Task instructions:
Please retype the listing below word for word and exclude its images.

Data excerpt:
..........
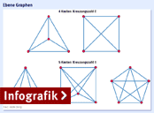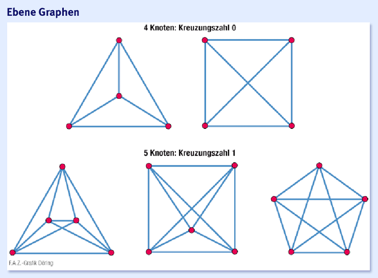 En principe, les graphes possédant un, deux ou trois noeuds peuvent avoir aucun point de croisement. Il est aussi possible de disposer quatre noeuds de telle sorte que les six arêtes ne se coupent nulle part dans le graphe. Ce n'est qu'avec un graphe avec cinq noeuds qu'il y aura au minimum un point de croisement. Plus le nombre de noeuds devient élevé et plus le nombre de croisements augmente rapidement : avec six noeuds, il s'élève à 3 ; avec sept noeuds : 9 ; avec huit noeuds : 19 ; et avec neuf noeuds : 36.
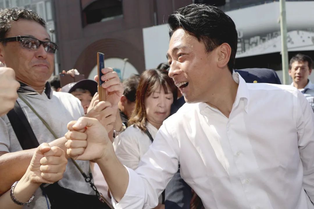 ▲2024年9月7日,日本东京,小泉进次郎(右)在银座中心呼吁市民支持他参选 图/视觉中国
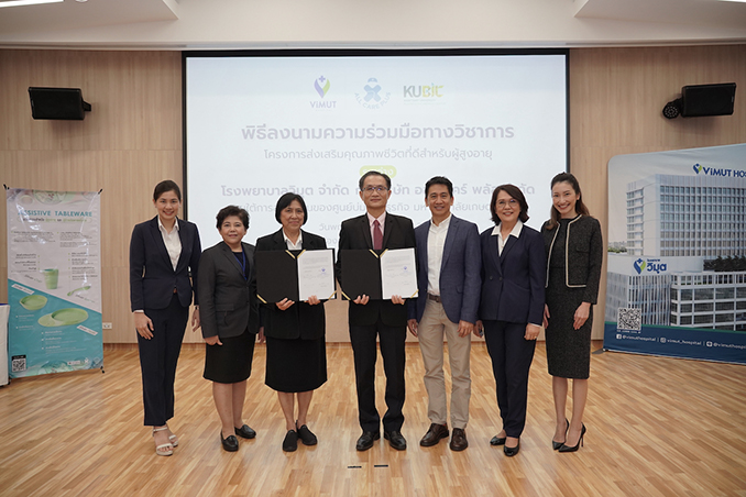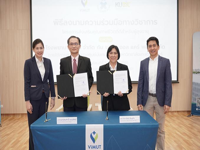 โรงพยาบาลวิมุต นำโดย นพ.สมศักดิ์ อรรฆศิลป์ ประธานเจ้าหน้าที่บริหาร บริษัท โรงพยาบาลวิมุต โฮลดิ้ง จำกัด ร่วมลงนามบันทึกข้อตกลงความร่วมมือกับ บริษัท ออล แคร์ พลัส จำกัด ภายใต้การสนับสนุนของศูนย์บ่มเพาะธุรกิจ มหาวิทยาลัยเกษตรศาสตร์ โดยมี ดร.ภัทรารัตน์ ตันนุกิจ ประธานกรรมการ บริษัท ออล แคร์ พลัส จำกัด และที่ปรึกษา รศ.ดร.สิงห์ อินทรชูโต หัวหน้าศูนย์สร้างสรรค์การออกแบบเพื่อสิ่งแวดล้อม คณะสถาปัตยกรรมศาสตร์ มหาวิทยาลัยเกษตรศาสตร์
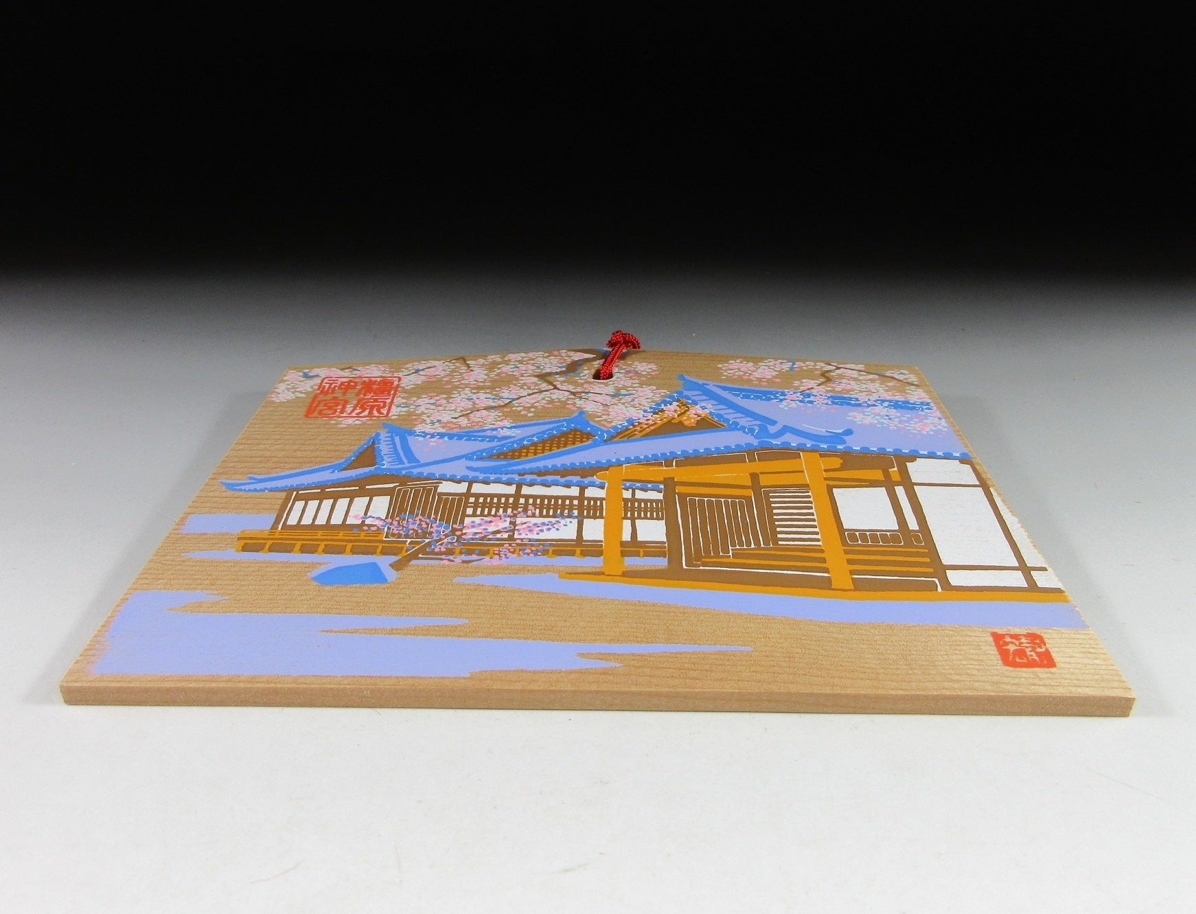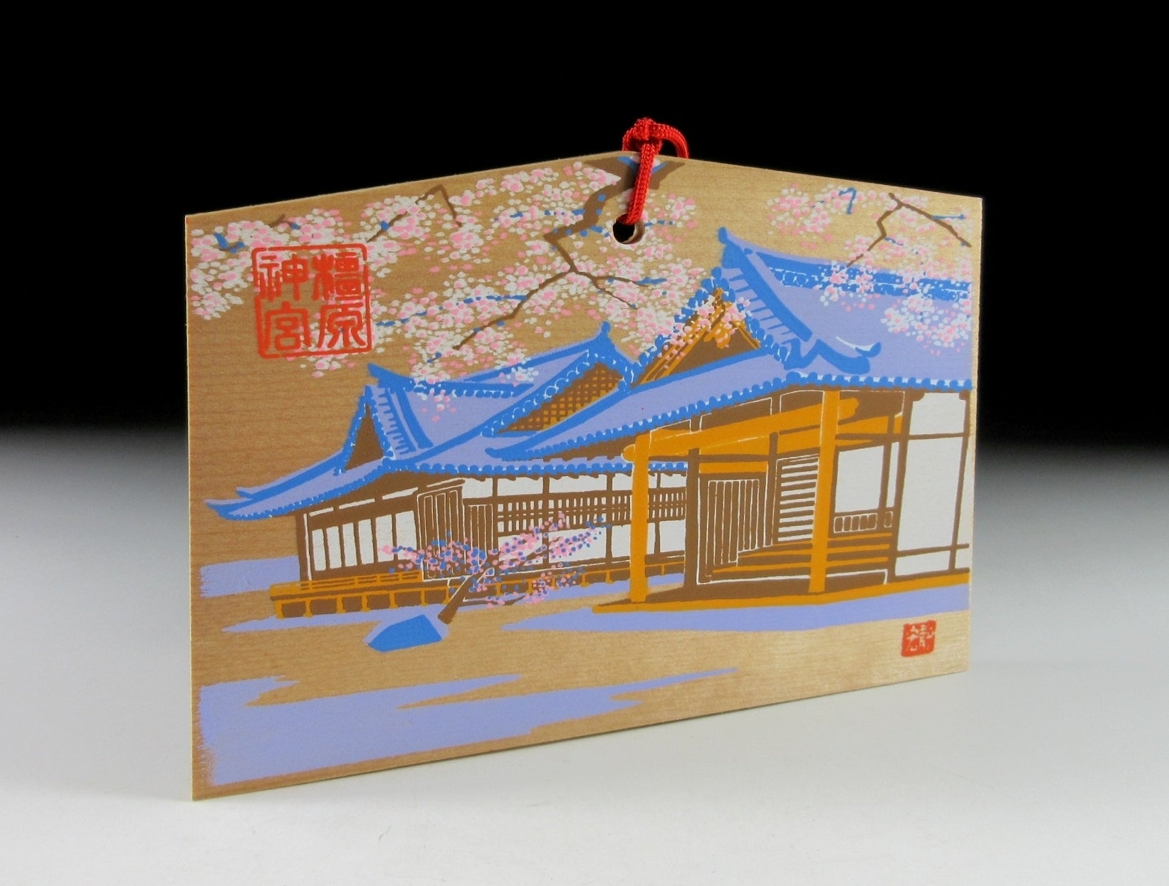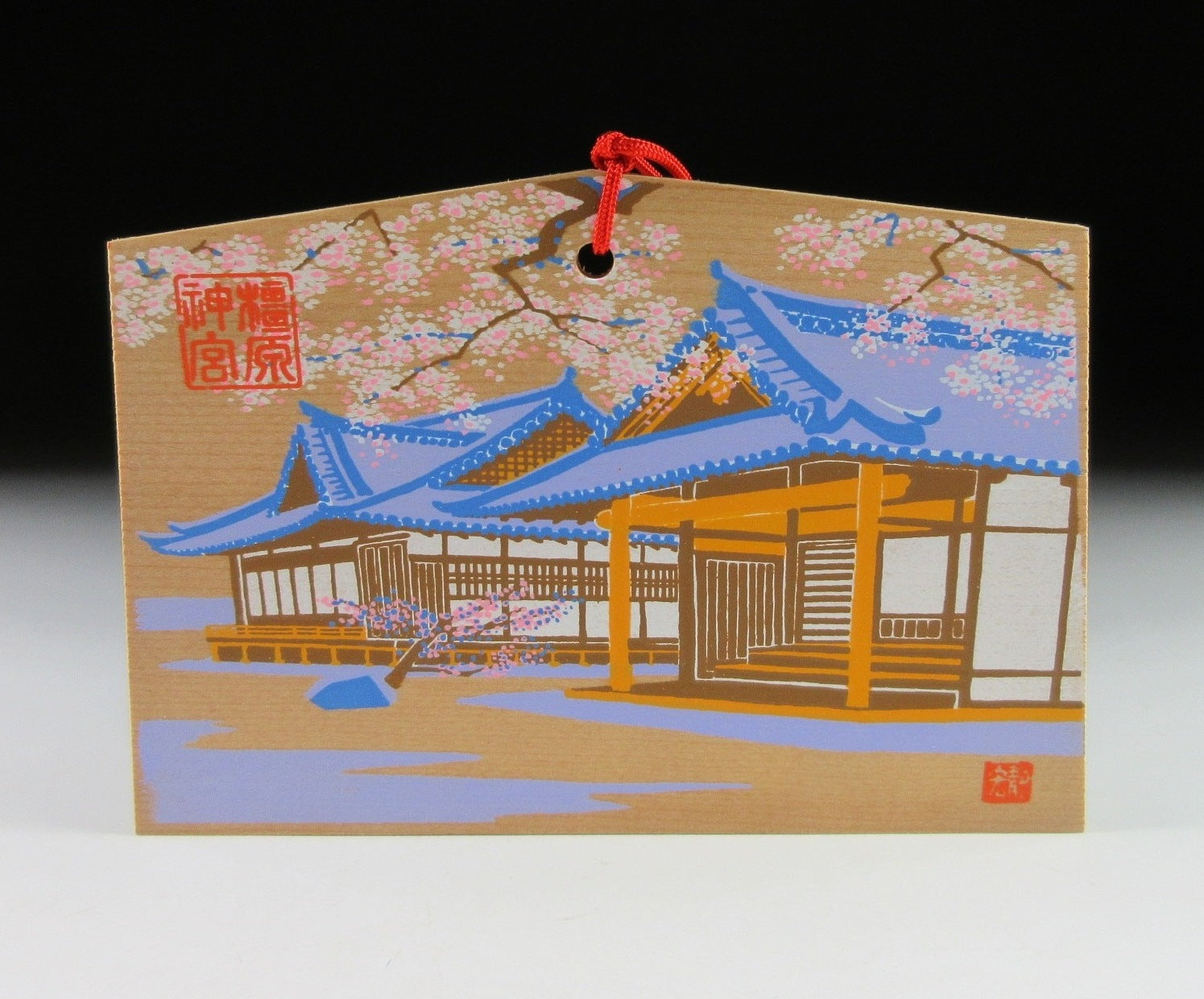 This listing is for a wooden ema from Kashihara Jingu Shrine in Nara. Kashihara Jingu was built in 1890 at the site where Emperor Jimmu was said to have acceded to the throne in the year 660. The front of the ema is decorated with a view of the shrine during cherry blossom season. This ema was most likely purchased in the 1990s, and came in a wooden box containing 28 different ema from the same shrine. It appears the previous owner collected these over a 28 year period.
..........
Exercise output:
 En principe, les graphes possédant un, deux ou trois noeuds peuvent avoir aucun point de croisement. Il est aussi possible de disposer quatre noeuds de telle sorte que les six arêtes ne se coupent nulle part dans le graphe. Ce n'est qu'avec un graphe avec cinq noeuds qu'il y aura au minimum un point de croisement. Plus le nombre de noeuds devient élevé et plus le nombre de croisements augmente rapidement : avec six noeuds, il s'élève à 3 ; avec sept noeuds : 9 ; avec huit noeuds : 19 ; et avec neuf noeuds : 36.
 ▲2024年9月7日,日本东京,小泉进次郎(右)在银座中心呼吁市民支持他参选 图/视觉中国
 โรงพยาบาลวิมุต นำโดย นพ.สมศักดิ์ อรรฆศิลป์ ประธานเจ้าหน้าที่บริหาร บริษัท โรงพยาบาลวิมุต โฮลดิ้ง จำกัด ร่วมลงนามบันทึกข้อตกลงความร่วมมือกับ บริษัท ออล แคร์ พลัส จำกัด ภายใต้การสนับสนุนของศูนย์บ่มเพาะธุรกิจ มหาวิทยาลัยเกษตรศาสตร์ โดยมี ดร.ภัทรารัตน์ ตันนุกิจ ประธานกรรมการ บริษัท ออล แคร์ พลัส จำกัด และที่ปรึกษา รศ.ดร.สิงห์ อินทรชูโต หัวหน้าศูนย์สร้างสรรค์การออกแบบเพื่อสิ่งแวดล้อม คณะสถาปัตยกรรมศาสตร์ มหาวิทยาลัยเกษตรศาสตร์
 This listing is for a wooden ema from Kashihara Jingu Shrine in Nara. Kashihara Jingu was built in 1890 at the site where Emperor Jimmu was said to have acceded to the throne in the year 660. The front of the ema is decorated with a view of the shrine during cherry blossom season. This ema was most likely purchased in the 1990s, and came in a wooden box containing 28 different ema from the same shrine. It appears the previous owner collected these over a 28 year period.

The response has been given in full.